John Tucker married Mary Byrd Harrison, a daughter of former state delegate Carter H. Harrison, in 1911. Their daughter married Francis Thornton Greene and lived in Warrenton, Virginia and their son J. Randolph Tucker Jr. (nicknamed "Bunny"; 1914–2015) would become a lawyer and member of the Virginia House of Delegates from 1950 to 1958 state senator and later a judge of the Circuit Court of the City of Richmond. The senior John Tucker was also an active member of St. Stephen's Episcopal Church, serving both on the vestry and as junior and senior warden.

==Legal career==
Upon being admitted to the Virginia bar in 1903, John Randolph Tucker began private practice in Staunton, but soon moved to Richmond to become an associate at Munford, Hunton, Williams and Anderson (which much later became Hunton Andrews Kurth). There he worked under the firm's founding partners, Beverley B. Munford, Eppa Hunton Jr., E. Randolph Williams, and Henry W. Anderson, and alongside fellow-associate Thomas B. Gay. Tucker left in 1909 and established a partnership with John B. Lightfoot Jr., which he left to become counsel for the Virginia State Corporation Commission from 1919 until 1923. He then formed a partnership, Tucker and Bronson, which later evolved into Tucker, Mays, Cabell and Moore (and even later, Mays, Valentine, Davenport and Moore, which in 2001 merged into Troutman Sanders). This law firm became one of Richmond's leading law and lobbying firms. Tucker served as general counsel and a member of the board of directors of the Virginia Trust Company, and counsel for the Virginia Bankers Association from 1933 until his death.

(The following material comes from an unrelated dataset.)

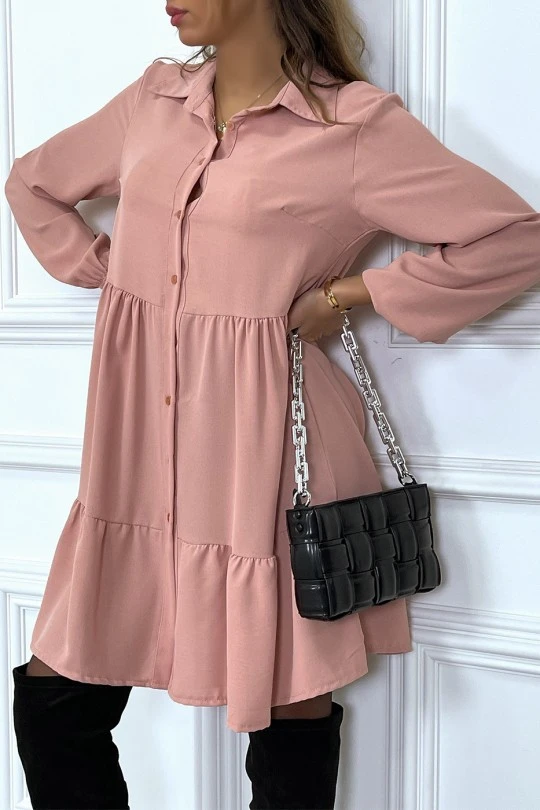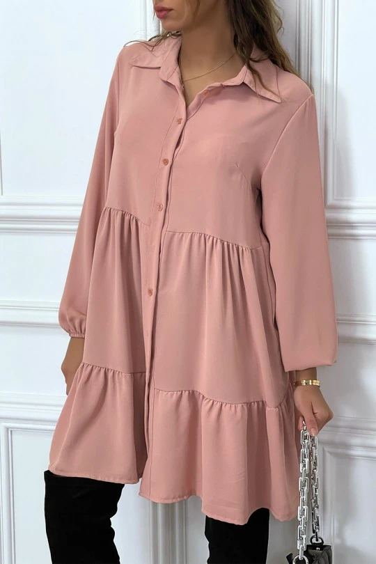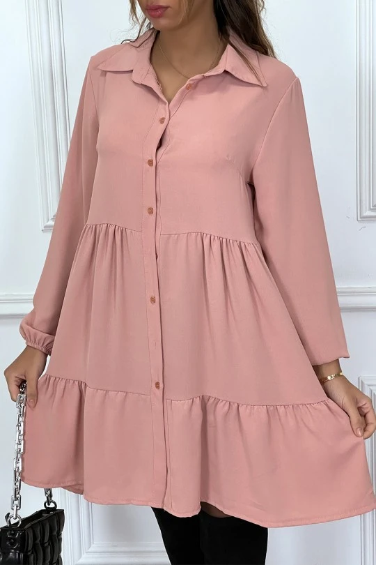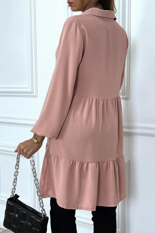 Robe chemise rose à volant et boutons, froncé sur 2 endroits et manches longues en voilage

For fifteen years (1909-1925), Tucker taught as an adjunct professor of law at the University of Richmond School of Law, with a brief absence during World War I. He published "Personal Liability of One Assuming Payment of a Deed of Trust", 4 Va.L.Rev. 464-85 (1917), and taught various courses relating to business and constitutional law, as well as insurance, bailment, wills and administration, and equity procedures.

==Death and legacy==

As President of the Henrico Citizens League, Tucker led efforts to adopt a county manager form of government in Henrico County, which caused the Board of Supervisors to name John Randolph Tucker High School in his honor after his death, which occurred in Richmond, Virginia on June 12, 1954. Tucker is buried at Hollywood Cemetery in Richmond.